Open source no panacea for e-health

Leading CIO says open source should not be seen as a panacea for addressing the interoperability challenges in healthcare

Open source software could provide a model for better e-health collaboration, but should not be seen as a panacea for addressing the interoperability challenges in healthcare, according to a leading healthcare industry CIO.

Malcolm Thatcher, CIO of Queensland-based Mater Hospital, said there are two issues to consider around the need for interoperability amongst Australian healthcare providers.

One issue is the National E-Health Transition Authority’s (NEHTA) work towards interoperability standards, and the other issue is around interoperability capacity within the Australian healthcare system.
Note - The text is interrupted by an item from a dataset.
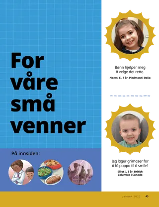 Januar 2023 Kjære vennerLes et budskap om å følge Jesus sammen. Venner via postLes litt post fra våre venner rundt om i verden! Dallin H. OaksJesus er vårt lysLes et budskap fra president Dallin H. Oaks om Jesus Kristus. Richard M. RomneySå mye støy!Lukas’ hus er bråkete, men han finner fred i Jesus Kristus. Kom, følg med meg Kom, følg med meg-aktiviteterBruk disse aktivitetene til å studere Kom, følg med meg sammen med familien. Reisen til EgyptFølg labyrinten for å hjelpe Maria, Josef og Jesus å finne veien til Egypt. En plan for megGjør aktiviteten for å lære om din pakts sti. Hvordan Siedeh ble modigNår Siedeh har problemer på skolen, får hun en prestedømsvelsignelse, og det hjelper henne å føle fred og være modig. Finn den!Kan du finne gjenstandene som er skjult på bildet? Hvordan følger du Jesus?Fyll ut dette skjemaet og send det til Vennen for å fortelle oss hvordan du følger Jesus! Følg Jesus i EnglandMøt Lucia, Vivie og Zac fra England og lær om hvordan de følger Jesus. Hei fra England!Ta en tur for å lære om England! Susan H. PorterVi kan hjelpe til med vår himmelske Faders verkLes et budskap fra søster Susan H. Porter om å hjelpe til med vår himmelske Faders verk. En historie om vennskapFyll ut de tomme feltene for å skrive din egen historie om vennskap. “Hold en bønn, Helamán”Helamán er et eksempel for vennene sine ved å be for lunsjen sin på skolen. En lys idéEn plakat med budskapet: “Jesus er det sanne lys.” Matthew J. Neeley og Nola P. NeeleyJesus Is My True LightLær å spille en forenklet versjon av “Jesus Is My True Light”. Jeg kan lese Det nye testamenteLes versene i Det gamle testamente for hver uke, og fargelegg deretter de tilsvarende feltene. Fange fiskKan du finne gjenstandene som er skjult på bildet? Følg Jesus sammenEn samling barnesitater fra rundt om i verden. Jane McBrideMimre med bestemorBestemor glemmer mye, men Mari lærer å være tålmodig med henne og sette pris på historiene hennes. Margo og PaoloMøt Margo og Paolo og familien deres i Brasil! M. Russell BallardHvordan kan familien din hjelpe hverandre?Les et budskap fra president M. Russell Ballard om å hjelpe din familie. For eldre barn For eldre barnInnholdsfortegnelse for delen For eldre barn Sandra EdwardsLys, kamera, tjeneste!Under covid-19-pandemien lager Antonella og Mariana Kom, følg med meg-videoer på spansk. Hva tenker du på?Klipp ut dette kortet og les Skriften når du trenger ekstra styrke. Skattejakt etter velsignelserHa denne skattejakten etter velsignelser for å hjelpe deg å være takknemlig for det vår himmelske Fader har gitt deg. Mikaela WilkinsJeg kan representere JesusDavid forbereder seg slik at han kan representere Jesus når han deler ut nadverden. Fruean P.Jeg kan utvikle mine talenterLes om hvordan Fruean P. utviklet sine talenter gjennom programmet Barn og ungdom. For våre små venner For våre små vennerMøt noen små venner fra forskjellige steder i verden. Jeg kan følge Jesus ved å beLær hvordan du kan følge Jesus ved å be. Gaver til JesusLes en historie om hvordan de vise menn bragte gaver til Jesus Kristus. Bibelen underviser om JesusUndervis de små med en evangeliesentrert fargeleggingsside. Denne månedens budskap er: “Bibelen underviser om Jesus.” Kom, følg med meg Aktiviteter for de småBruk disse forslagene for å studere Kom, følg med meg sammen med dine små. Kjære foreldreLes et budskap til foreldre om å finne fred i Jesus Kristus.
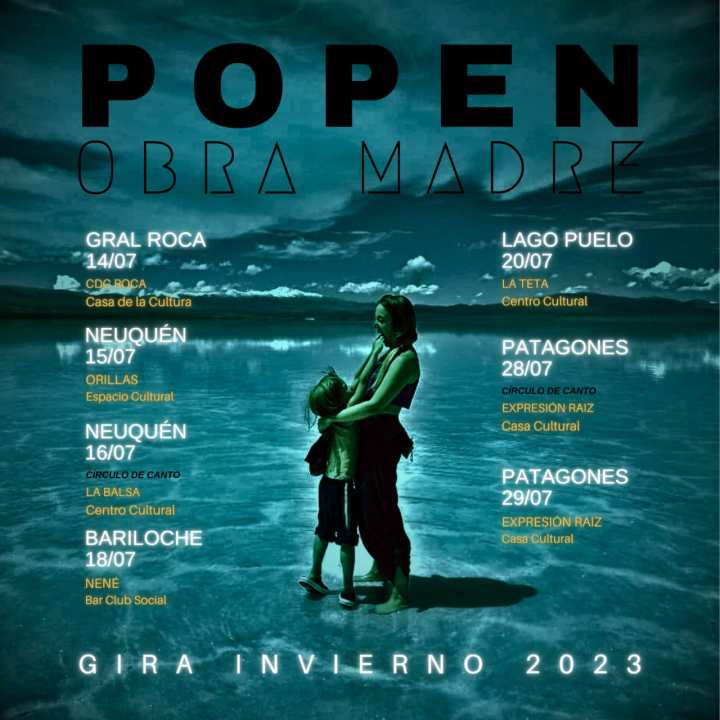 Este sábado 15 Popen se presentará en Neuquén en el Espacio Cultural Orillas. Las entradas anticipadas tienen un valor de $1.500 y en puerta de $2.000. Luego, el domingo estará en Balsa de las Perlas en Wontanara, un centro de arte y salud, donde intervendrá en un seminario de canto.

While NEHTA has developed an e-health interoperability framework, Thatcher says it’s not that easy.

“We’ve got a long way to go there because it’s not [as simple as] a regulatory body like NEHTA coming out and saying ‘these are the standards,’” he said.


See related feature: Prescription for e-health

Although admitting that if NEHTA adopted an open source model healthcare providers could benefit from its agility, Thatcher said the problem in Australia is that there is a greater variability between the types of healthcare providers and their IT systems.

“One of the biggest challenges for Australia’s ability to share health records is the fact that we don’t have electronic health records (EHR) to share,” he said.

“As a nation I think we have to fully address our capacity to manage and share health information.

“If NEHTA was to use an open source model to go down the path of delivering certain building blocks to enable the sharing of health information, then that would I think give some agility to some health care providers to say ‘ok, well we can leverage that open source approach."

Last month, NEHTA released its Strategic Plan to 2012, outlining how the agency intends to drive e-health development and the migration to an EHR service.

Thatcher's comments come on the back of those made by University of Sydney e-health academic Professor Jon Patrick, who previously told Computerworld the Federal Government and healthcare industry bodies should abandon proprietary software and embrace open source if Australia is to have a successful national e-health platform.